__WHAT TO WORK ON__: Output each entry below as it stands, leaving out every picture.

### RECORDS TO PROCESS ###

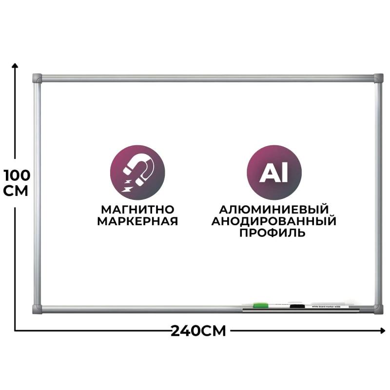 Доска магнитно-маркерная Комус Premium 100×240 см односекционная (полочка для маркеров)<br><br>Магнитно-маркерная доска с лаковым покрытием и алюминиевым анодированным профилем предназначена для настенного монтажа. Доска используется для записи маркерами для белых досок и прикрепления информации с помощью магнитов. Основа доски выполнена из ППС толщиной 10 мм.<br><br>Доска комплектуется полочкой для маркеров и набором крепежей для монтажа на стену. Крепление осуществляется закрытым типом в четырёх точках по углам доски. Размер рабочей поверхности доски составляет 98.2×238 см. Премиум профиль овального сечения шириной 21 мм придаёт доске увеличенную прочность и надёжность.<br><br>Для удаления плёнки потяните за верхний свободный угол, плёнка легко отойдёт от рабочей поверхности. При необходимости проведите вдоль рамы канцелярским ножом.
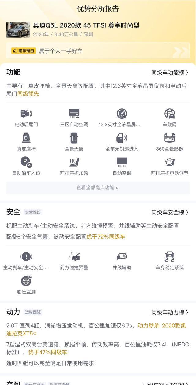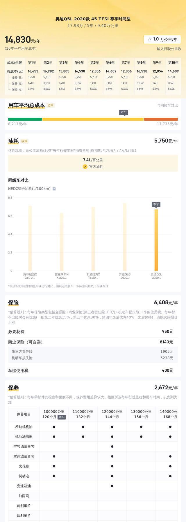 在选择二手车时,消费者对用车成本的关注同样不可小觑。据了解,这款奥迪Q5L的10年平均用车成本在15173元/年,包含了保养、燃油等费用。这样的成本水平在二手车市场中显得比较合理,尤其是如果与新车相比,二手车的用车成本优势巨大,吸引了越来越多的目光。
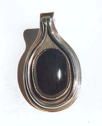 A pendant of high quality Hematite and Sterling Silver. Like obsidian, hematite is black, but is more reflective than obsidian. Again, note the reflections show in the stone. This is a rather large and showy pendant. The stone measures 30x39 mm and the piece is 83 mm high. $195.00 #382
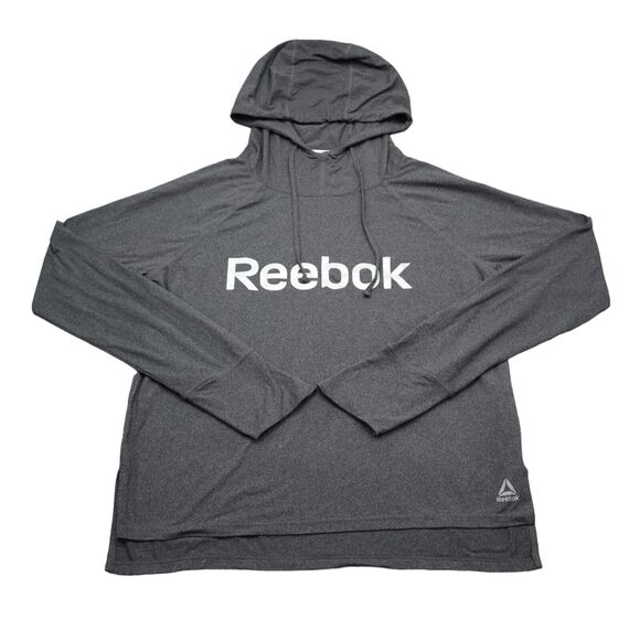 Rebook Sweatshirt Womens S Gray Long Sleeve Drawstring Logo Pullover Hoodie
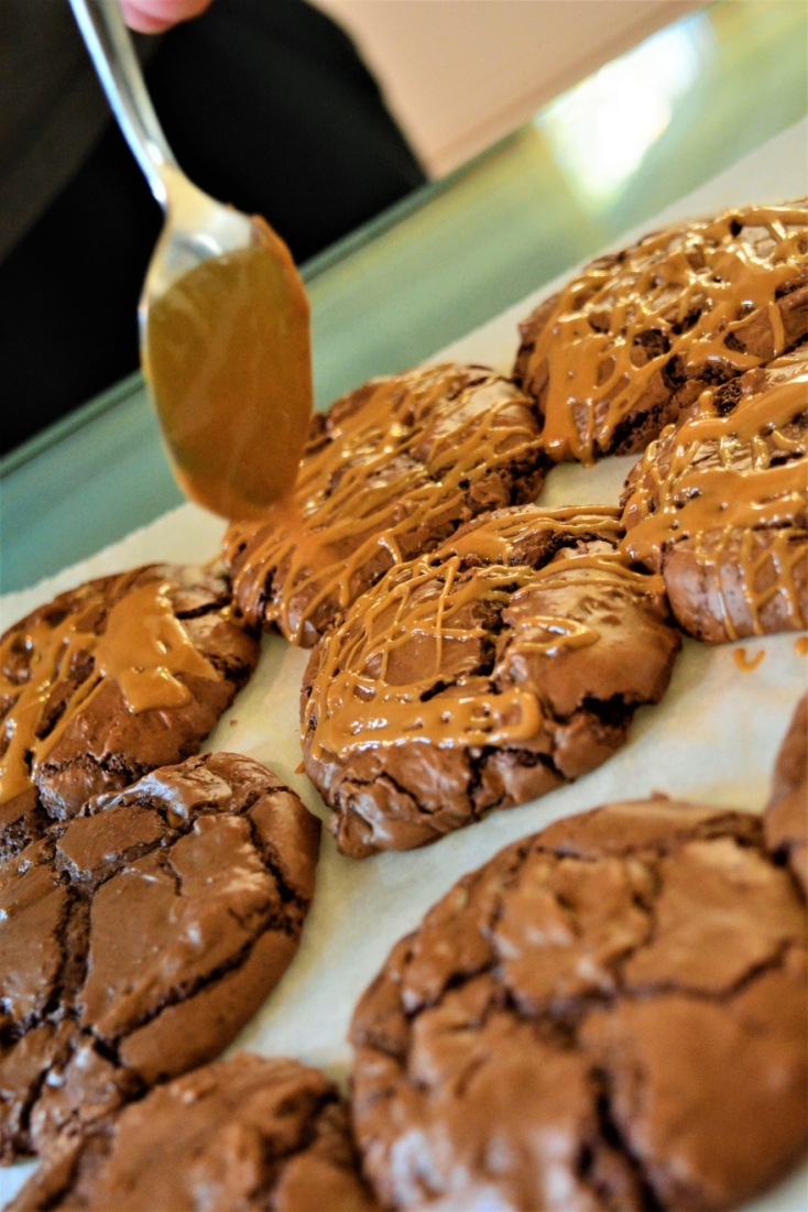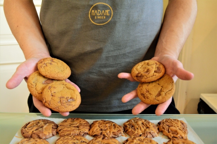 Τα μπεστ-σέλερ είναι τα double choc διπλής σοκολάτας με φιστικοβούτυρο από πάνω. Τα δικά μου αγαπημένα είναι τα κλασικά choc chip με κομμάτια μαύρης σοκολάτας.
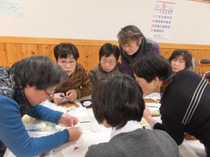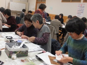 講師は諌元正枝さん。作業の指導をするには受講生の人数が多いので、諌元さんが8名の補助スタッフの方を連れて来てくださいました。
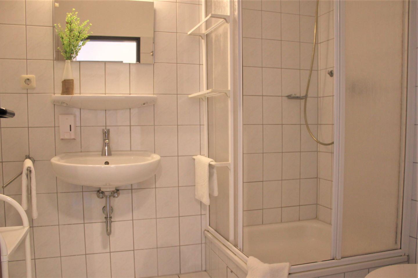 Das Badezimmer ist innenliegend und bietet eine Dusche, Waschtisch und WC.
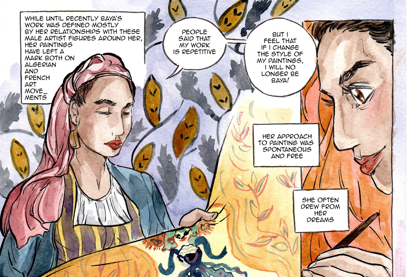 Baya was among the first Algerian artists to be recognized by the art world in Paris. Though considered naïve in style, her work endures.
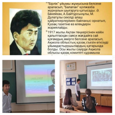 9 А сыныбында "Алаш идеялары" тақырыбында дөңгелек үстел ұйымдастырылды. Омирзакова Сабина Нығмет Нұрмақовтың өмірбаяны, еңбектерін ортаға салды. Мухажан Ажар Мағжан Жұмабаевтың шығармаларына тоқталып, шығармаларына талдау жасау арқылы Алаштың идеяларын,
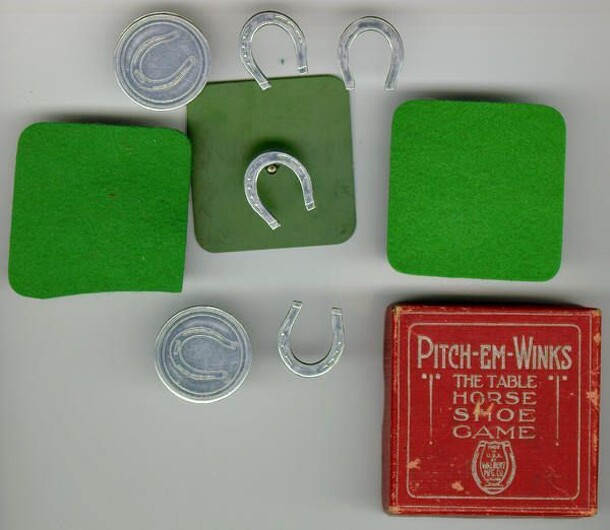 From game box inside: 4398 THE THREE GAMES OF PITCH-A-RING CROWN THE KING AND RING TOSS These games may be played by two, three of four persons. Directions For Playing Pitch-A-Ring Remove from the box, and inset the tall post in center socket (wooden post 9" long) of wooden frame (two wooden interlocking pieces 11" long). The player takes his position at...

###

__TASK RESULT__:
 Доска магнитно-маркерная Комус Premium 100×240 см односекционная (полочка для маркеров)<br><br>Магнитно-маркерная доска с лаковым покрытием и алюминиевым анодированным профилем предназначена для настенного монтажа. Доска используется для записи маркерами для белых досок и прикрепления информации с помощью магнитов. Основа доски выполнена из ППС толщиной 10 мм.<br><br>Доска комплектуется полочкой для маркеров и набором крепежей для монтажа на стену. Крепление осуществляется закрытым типом в четырёх точках по углам доски. Размер рабочей поверхности доски составляет 98.2×238 см. Премиум профиль овального сечения шириной 21 мм придаёт доске увеличенную прочность и надёжность.<br><br>Для удаления плёнки потяните за верхний свободный угол, плёнка легко отойдёт от рабочей поверхности. При необходимости проведите вдоль рамы канцелярским ножом.
 在选择二手车时,消费者对用车成本的关注同样不可小觑。据了解,这款奥迪Q5L的10年平均用车成本在15173元/年,包含了保养、燃油等费用。这样的成本水平在二手车市场中显得比较合理,尤其是如果与新车相比,二手车的用车成本优势巨大,吸引了越来越多的目光。
 A pendant of high quality Hematite and Sterling Silver. Like obsidian, hematite is black, but is more reflective than obsidian. Again, note the reflections show in the stone. This is a rather large and showy pendant. The stone measures 30x39 mm and the piece is 83 mm high. $195.00 #382
 Rebook Sweatshirt Womens S Gray Long Sleeve Drawstring Logo Pullover Hoodie
 Τα μπεστ-σέλερ είναι τα double choc διπλής σοκολάτας με φιστικοβούτυρο από πάνω. Τα δικά μου αγαπημένα είναι τα κλασικά choc chip με κομμάτια μαύρης σοκολάτας.
 講師は諌元正枝さん。作業の指導をするには受講生の人数が多いので、諌元さんが8名の補助スタッフの方を連れて来てくださいました。
 Das Badezimmer ist innenliegend und bietet eine Dusche, Waschtisch und WC.
 Baya was among the first Algerian artists to be recognized by the art world in Paris. Though considered naïve in style, her work endures.
 9 А сыныбында "Алаш идеялары" тақырыбында дөңгелек үстел ұйымдастырылды. Омирзакова Сабина Нығмет Нұрмақовтың өмірбаяны, еңбектерін ортаға салды. Мухажан Ажар Мағжан Жұмабаевтың шығармаларына тоқталып, шығармаларына талдау жасау арқылы Алаштың идеяларын,
 From game box inside: 4398 THE THREE GAMES OF PITCH-A-RING CROWN THE KING AND RING TOSS These games may be played by two, three of four persons. Directions For Playing Pitch-A-Ring Remove from the box, and inset the tall post in center socket (wooden post 9" long) of wooden frame (two wooden interlocking pieces 11" long). The player takes his position at...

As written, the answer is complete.